Subject Area Experimental Condensed Matter Physics
Synthesis and Properties of Functional Materials
Term from 2018 to 2021
Project identifier Deutsche Forschungsgemeinschaft (DFG) - Project number 408002857
 
The ongoing rapid exploration of oxide materials has led to the discovery of effects as spectacular as interface superconductivity, magnetoresistance, and electrical switching phenomena. This has opened up the technological perspective of oxide electronics and spintronics. Here, in addition to the development of conventional device types inherited from silicon-based predecessors, entirely novel functional elements have been created. However, not only the functional materials themselves but also the interfacial properties and the costly preparation of complex heterostructures on the scale of single atomic layers are of vital importance.

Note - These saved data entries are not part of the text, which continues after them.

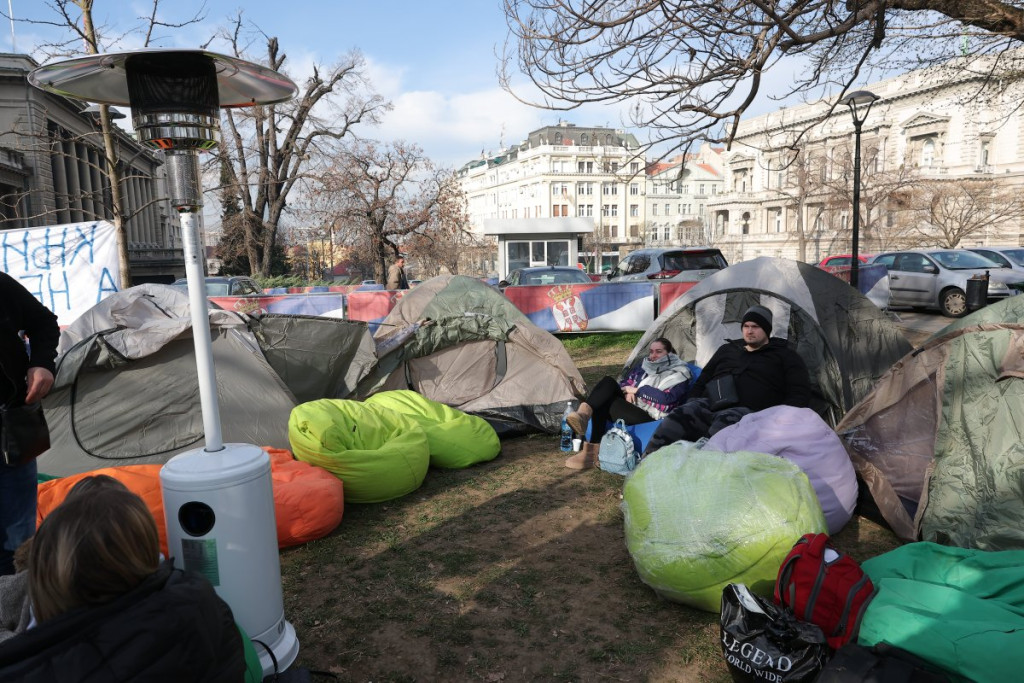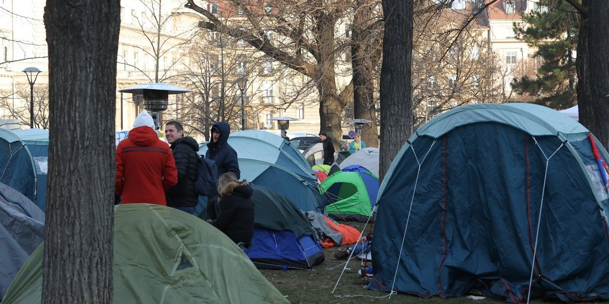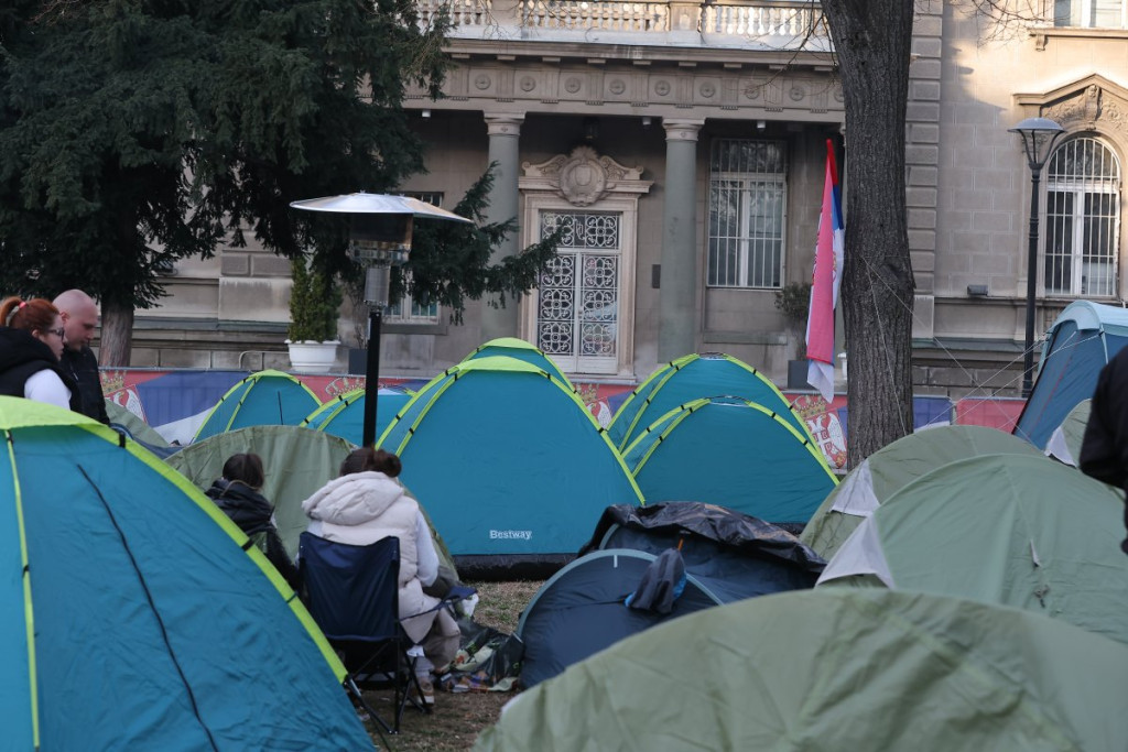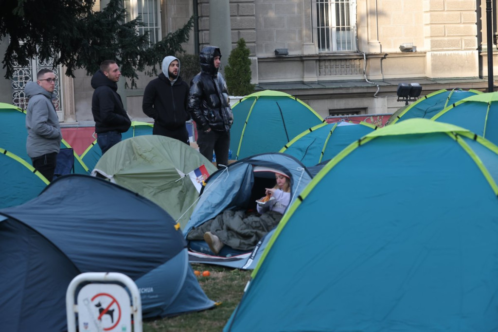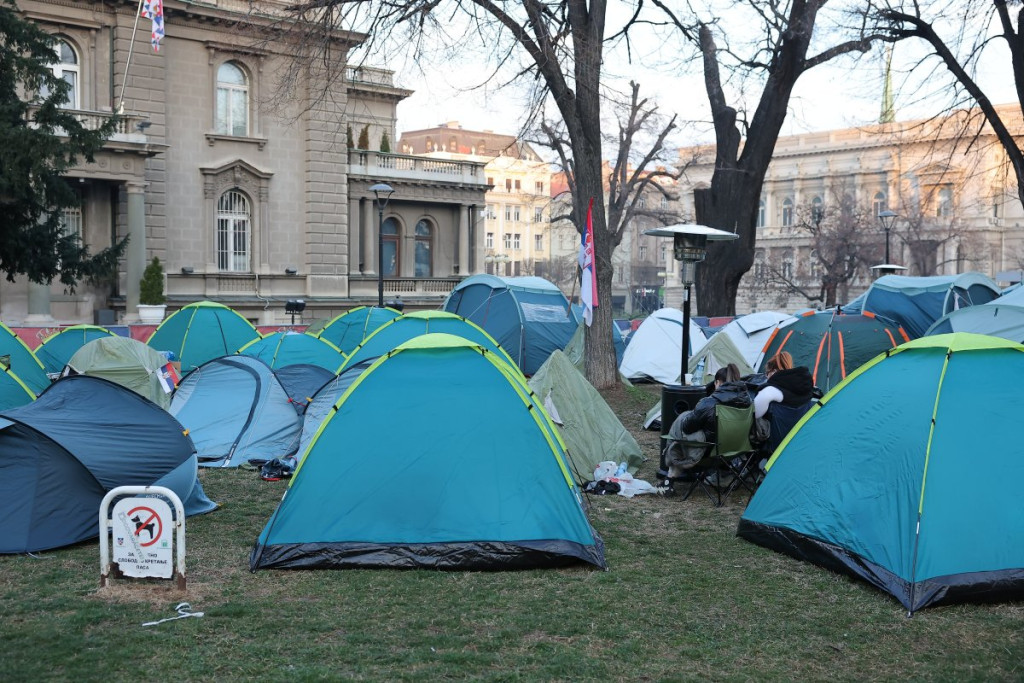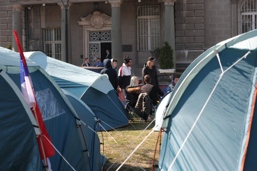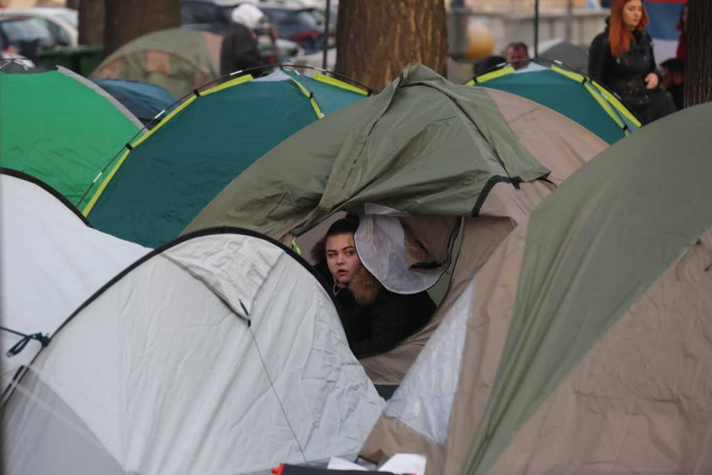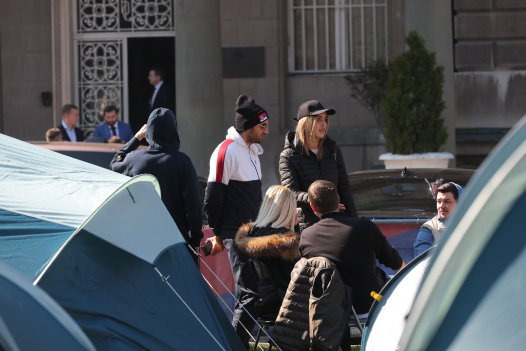 Studenti koji žele da uče okupili su se ispred Predsedništva. Oni su u četvrtak uveče postavili šatore u Pionirskom parku i neće otići dok se ne ispune njihovi zahtevi.
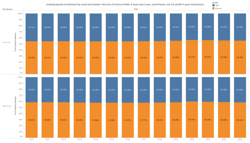 Here is the break out of gender balance going back to 2010. Shorter: If you walked around the average college campus ten years ago and today, you wouldn’t notice any difference.
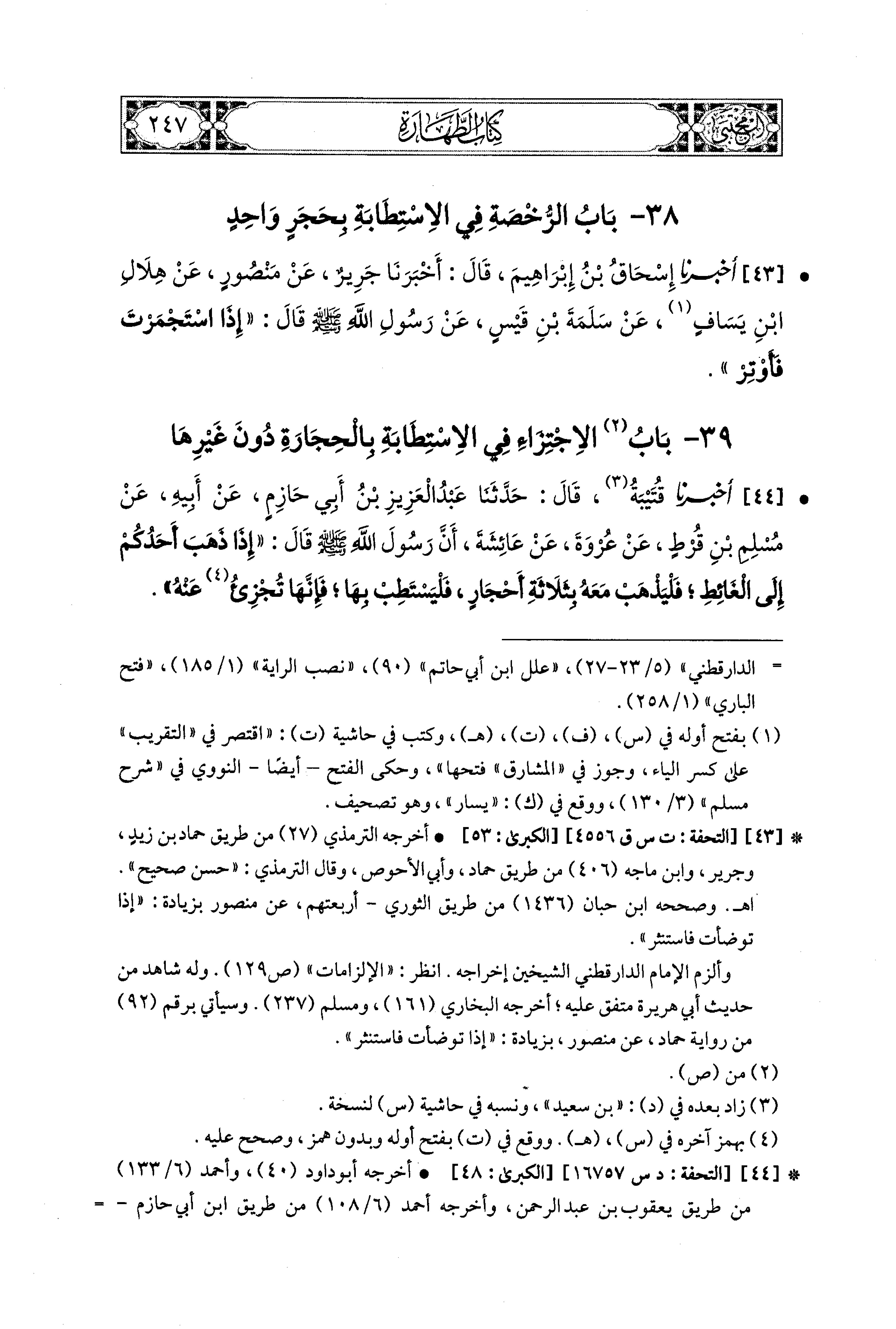 43- أَخبَرنا إِسْحَاقُ بنُ إِبرَاهيمَ، قَالَ: أَخبَرَنا جَرِيرٌ، عَن مَنْصُورٍ، عَن هِلاَلِ بْنِ يَسَافٍ، عَن سَلَمَةَ بْنِ قَيْسٍ، عَن رَسُولِ اللهِ صَلى الله عَليهِ وسَلم قَالَ: إِذَا اسْتَجْمَرْتَ فَأَوْتِرْ.
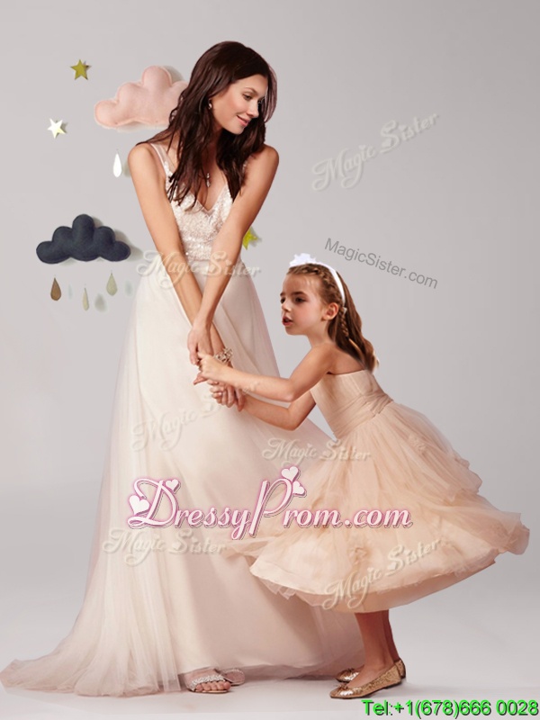 Neckline : StrapsShown Color : ChampagneSilhouette : EmpireSleeve Length : sleevelessHemline : floor lengthBack Detail : ZipperFabric : TulleEmbellishment : BeadingOccasion : Prom,PartySeason : Spring,Summer,Fall,Winter
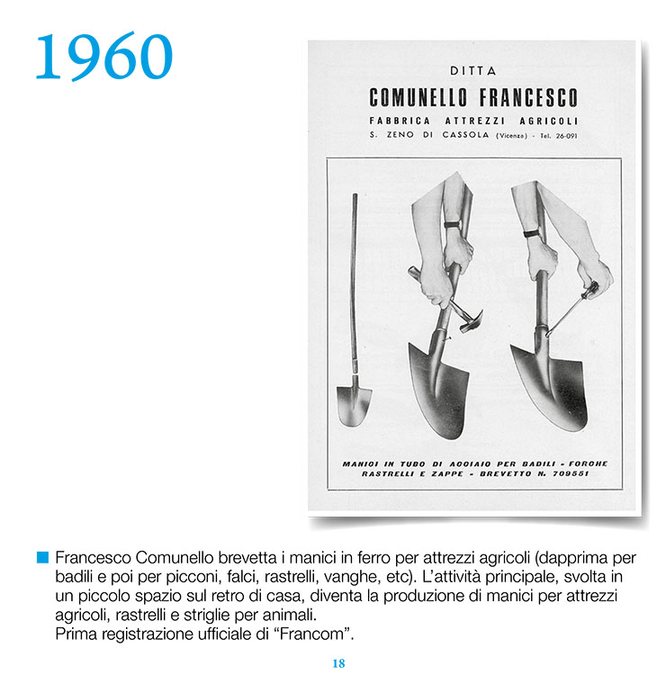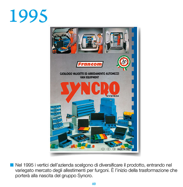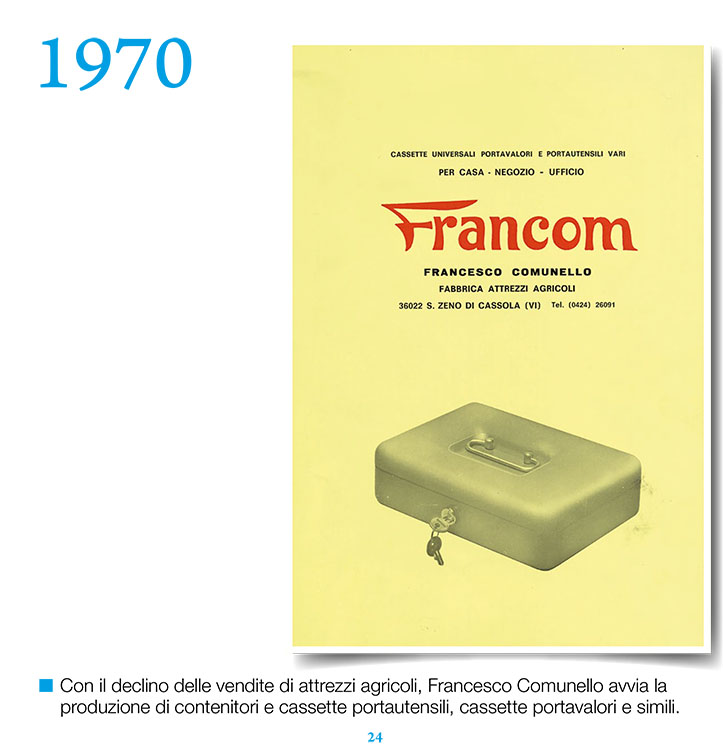 La philosophie du groupe Syncro est étroitement liée au concept d’amélioration continue : c’était déjà ce que soutenait son fondateur, Francesco Comunello, qui enregistra Francom en 1960, le début d’une histoire qui fête aujourd’hui ses premiers 60 ans. De la production d’outils agricoles à la réalisation et installation d’aménagements pour fourgons, le pas n’a été ni bref ni simple, mais la famille Comunello a tenu solidement la barre de l’entreprise. Ensemble, ils ont su tirer profit des transformations du contexte socio-économique, non seulement local mais aussi global, et de l’avancée des innovations technologiques qui ont littéralement sapé les certitudes d’une époque.
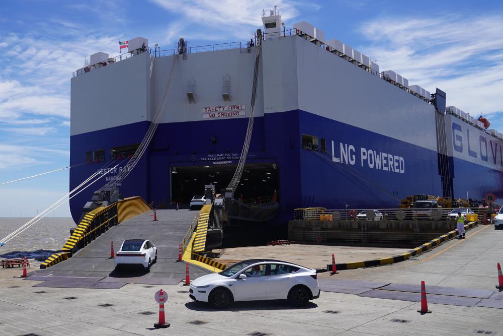 2025年7月2日,在上海自貿(mào)試驗(yàn)區(qū)臨港新片區(qū)南港碼頭,一批新能源汽車駛向一艘滾裝貨輪。新華社記者 楊有宗 攝
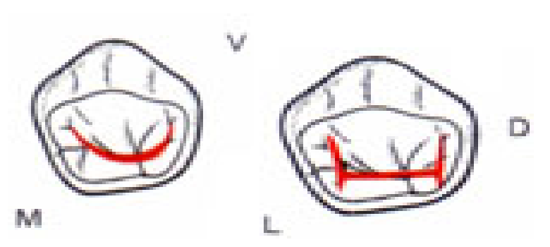 - Un sillon mésial, central et presque rectiligne à orientation mésiodistale.
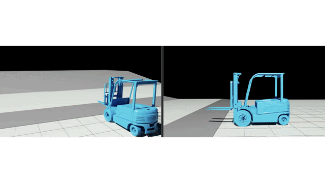 Cyngn tests a forklift’s tire dynamics in NVIDIA Isaac Sim as it moves across various inclines.
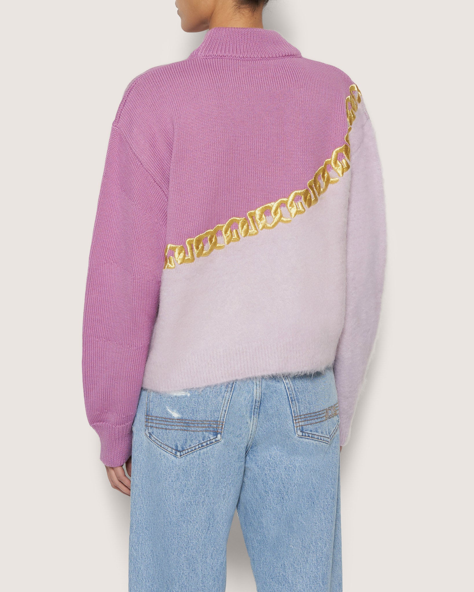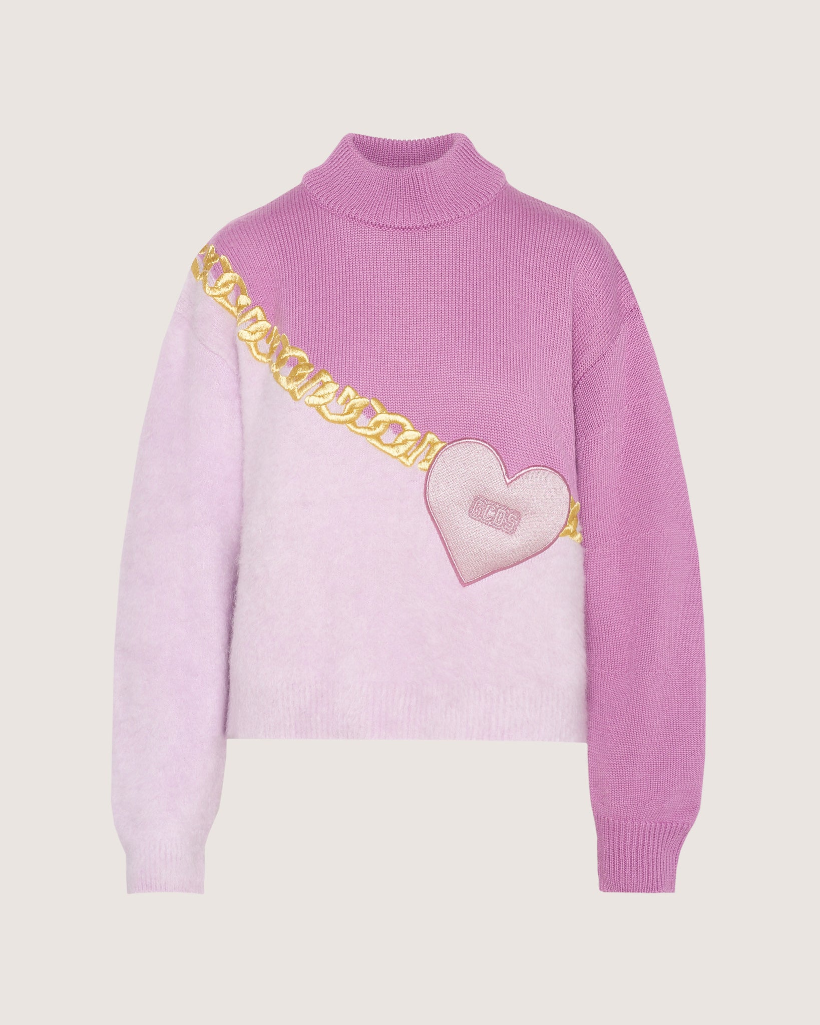 Soft mohair jersey GCDS sweater, semi-high collar. The two knits are divided by a maxi GCDS logo chain with iconic Musa Heart bag made of lurex jersey knit.
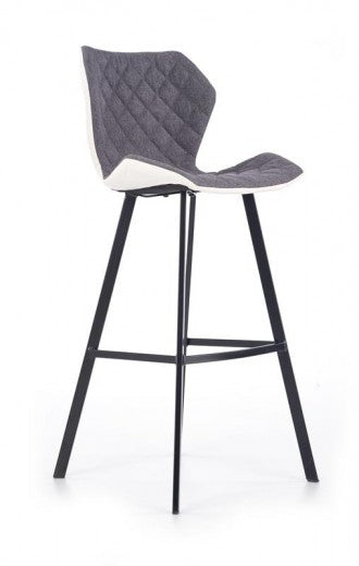 Tabouret de bar rembourré en tissu écologique et cuir, avec pieds en métal H-83 Blanc / Gris, l49xA53xH113 cm
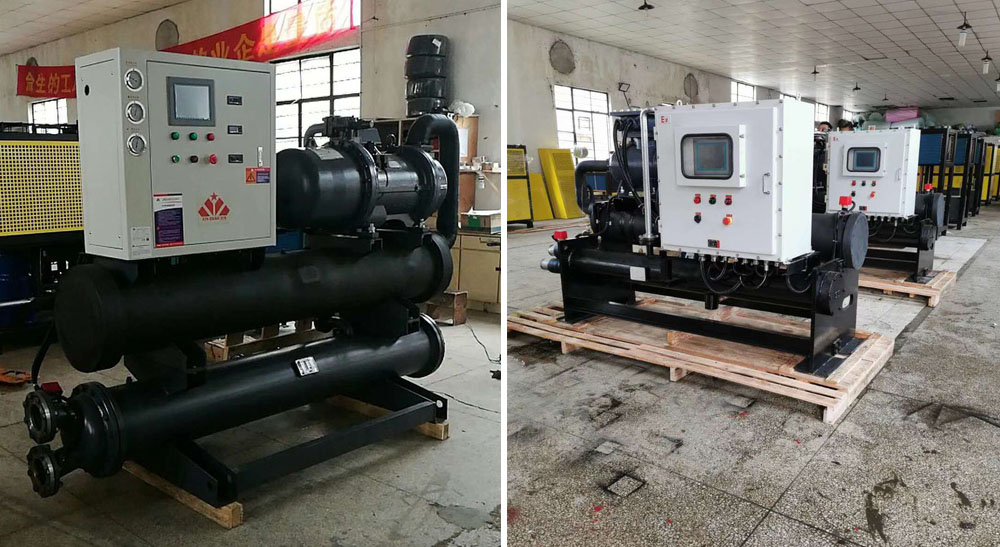 螺桿式冷水機(jī)按照散熱方式的不同可分為水冷螺桿式冷水機(jī)和風(fēng)冷螺桿式冷水機(jī)兩種
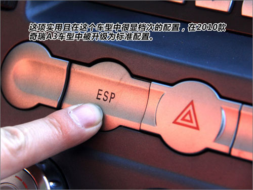 在內飾方面,2010款奇瑞A3也是完全沿用了前款車型的設計,只是在一些安全性配置方面有所加強。首先,她們引以為傲的ESP功能更加親民的改成了全系標配。其次在一些高配車型上,由雙氣囊改成了六氣囊,除原有的正副駕駛位的氣囊外,又在兩側的A、B柱上加裝了安全氣簾,是車輛的安全性得到很到的加強。
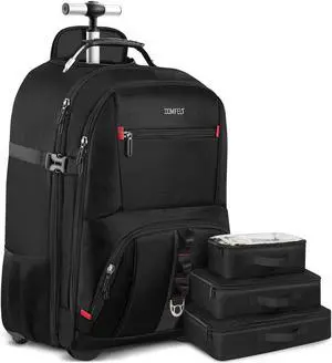 ZOMFELT Rolling Backpack, X-Lare Travel Backpack with Wheels, Carry on Backpack with 3 Packing Cubes, 18 Inch Wheeled Laptop Backpack for Men Women Adults to Travel Work Business Black
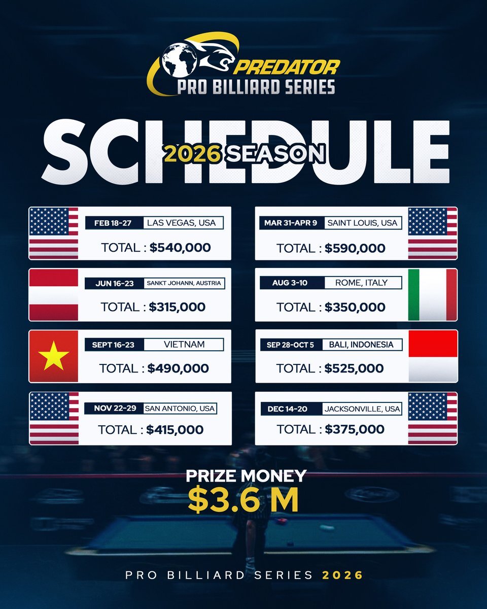 記事アップ:〈BD〉2026年PBSスケジュール決定。全8戦にスケールアップ。年間総賞金は約5億6千万円に。チーム10ボール世界選手権復活 billiards-days.com/20251211-1/ #billiards #ビリヤード pic.x.com/WIbq2dxToy

Vanadium dioxide (VO2) is a functional material with a tremendous technological potential due to an metal-insulator transition close to room temperature. This project addresses strain relaxation mechanisms in VO2 under epitaxial strain, which can lead to complex phase separation phenomena like the self-organized formation of stripe patterns consisting of metallic and insulating regions and hence yield intrinsic interfaces. Further, the project is dedicated to the question to what extent an alternative route to complex heterostructures can be obtained from these effects. Starting from the strain-dependent formation of self-assembled stripe patterns in a complex oxide, these stripe patterns are investigated on a microscopic scale to gain fundamental insights in their physical properties. The focus lies on the influences of the geometric shape on the stability of such stripe patterns and on their structural and electrical properties and their manipulation.In particular, this project aims for the first implementation of entirely new device concepts in oxide electronics. Here, the emergence of intrinsic interfaces is controlled specifically by geometric functionalization: the device functionality arises from the subsequent manipulation of such interfaces by external electric fields. A combination of modern, complementary microscopy techniques and targeted structuring on the micrometer to nanometer scale is used to simultaneously obtain insights in the electronic and structural properties of correlated oxides and develop innovative functional elements for applications in future oxide electronics.